# Seeking trainers in NoVA



## Knave (Apr 29, 2012)

Hello everyone! We've recently gained a new furball of a German Shepherd from Alta-Tollhaus kennels in Michigan. While he won't be home until June at 16wks of age, I'm doing my research in advance. 
I'm in search of trainers in Northern Virginia (or DC area) with experience training working dogs. Ideally, I'd like to find one person to go to for both general obedience and Shutzhund. 

This will be my first foray into the dog sports world so, any advice on trainers and/or groups in the area would be appreciated. Thank you!


----------



## NolaGSP (Oct 24, 2011)

I am also looking for a trainer near that area. Ill be moving out to Virgina Beach in a couple months. I would like to get my GSP into SAR.


----------



## MaggieRoseLee (Aug 17, 2001)

There are quite a few members on the board from the N VA/MD area so hopefully they'll see this and chime in..


----------



## Remo (Sep 8, 2004)

What part of NoVA are you located in? We have lots of good trainers although I don't know how many of them train Schutzhund.

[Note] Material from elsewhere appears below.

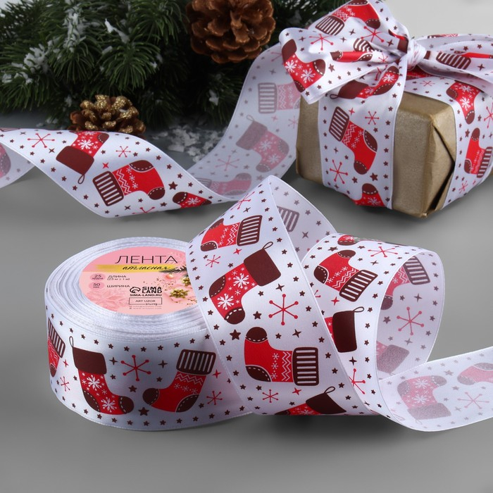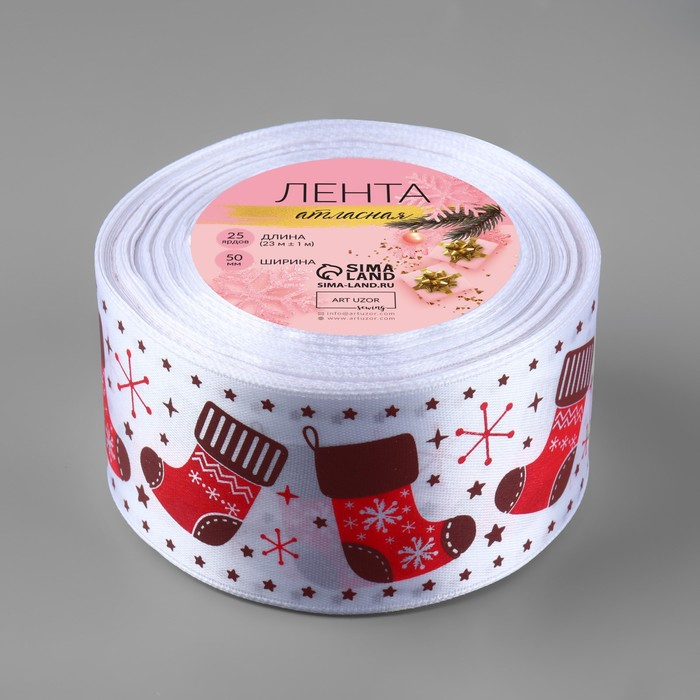 Лента атласная «Валенки», 50 мм, 23 ± 1 м, цвет белый/красный

Also, when you pup is old enough, VGSR has a weekly walk with lots of GSD participants. A few of the folk that go every week are very experienced trainers too. Here is some information about the weekly (Every Sunday morning) walk. 

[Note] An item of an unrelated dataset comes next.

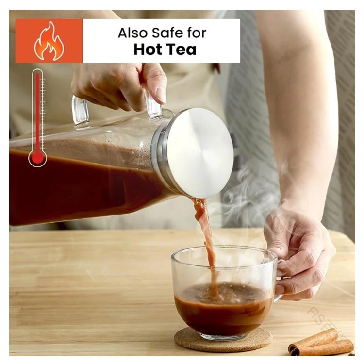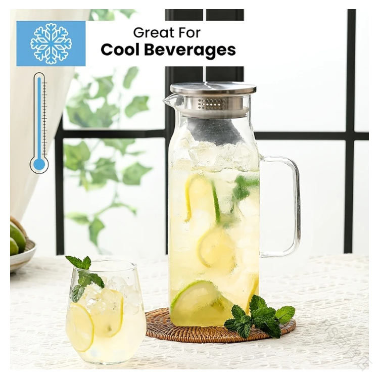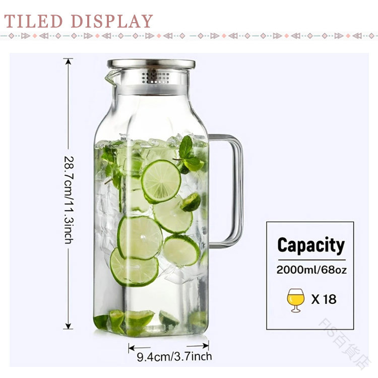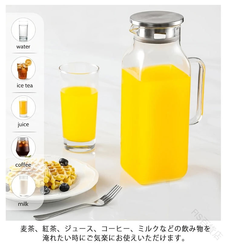 角型で冷蔵庫のスペースを有効活用2Lガラスピッチャー。ステンレス茶こし一体型蓋!ボトルの口径が大きく、手が直接差し込めて清潔できます麦茶、紅茶、ジュース、コーヒー、ミルクなどの飲み物を淹れたい時にご気楽にお使えいただけます。-30℃~150℃、耐熱ガラスので、温かい飲み物にも冷たい飲み物にも使える耐熱ガラス製のピッチャーです角型のサーバーは冷蔵庫に収納した際にムダなくスッキリみせてくれます。

*Sunday, May 6, 2012 – 10:00 a.m. Dog Walk at the Occoquan Regional Park. 10:00 a.m.
This walk is on a paved 1.5 mile trail (3 miles round trip) with additional paved areas and non-paved trails for those who prefer a longer walk. This park is equipped with bathrooms and drink machines. The walk can be attended by any dog owners (VGSR and Non-VGSR) that enjoy the opportunity to socialize 
their personal dogs with other well-mannered dogs. If you are thinking of adopting a German Shepherd and would like to meet some of the VGSR Alumni dogs, please stop by; this walk is open to anyone and you do not need to have a dog to participate. 

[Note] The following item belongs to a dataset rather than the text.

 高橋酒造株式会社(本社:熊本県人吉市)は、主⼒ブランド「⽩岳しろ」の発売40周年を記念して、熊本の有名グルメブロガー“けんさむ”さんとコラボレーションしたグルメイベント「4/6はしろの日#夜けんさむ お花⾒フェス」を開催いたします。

If you are planning to adopt and already have a dog this a great way to determine how your dog gets along with German Shepherds. Some of the best “teachers” are other well behaved dogs. Hope to see you there!

Use the parking lot attached to the Marina Parking Lot, on the attached map it is marked as “park here”. 
Reminder: Bring water for your dog, No flexi leads and make sure you have a secure collar. All dogs attending must be UTD with current tags.
Occoquan Regional Park - 9751 Ox Road - Lorton, VA 22079
*


----------



## jnr (Feb 3, 2012)

*If Rockville MD is a possibility . .*

I am in the MD suburbs of DC, also waiting on a puppy. Our breeder recommended that we take a look at Dogsense Unlimited in Rockville (Dog Sense Unlimited). While I have not used them yet, I visited and spent a good 45 minutes talking to them, and was happy with what I saw (including the two beautiful working line GSDs behind the desk). They have a variety of training options, and if you are willing to come a few minutes over the river, they might be an option. I am sure that there are other options in NOVA, but thought you might want to consider this depending on where you are located.


----------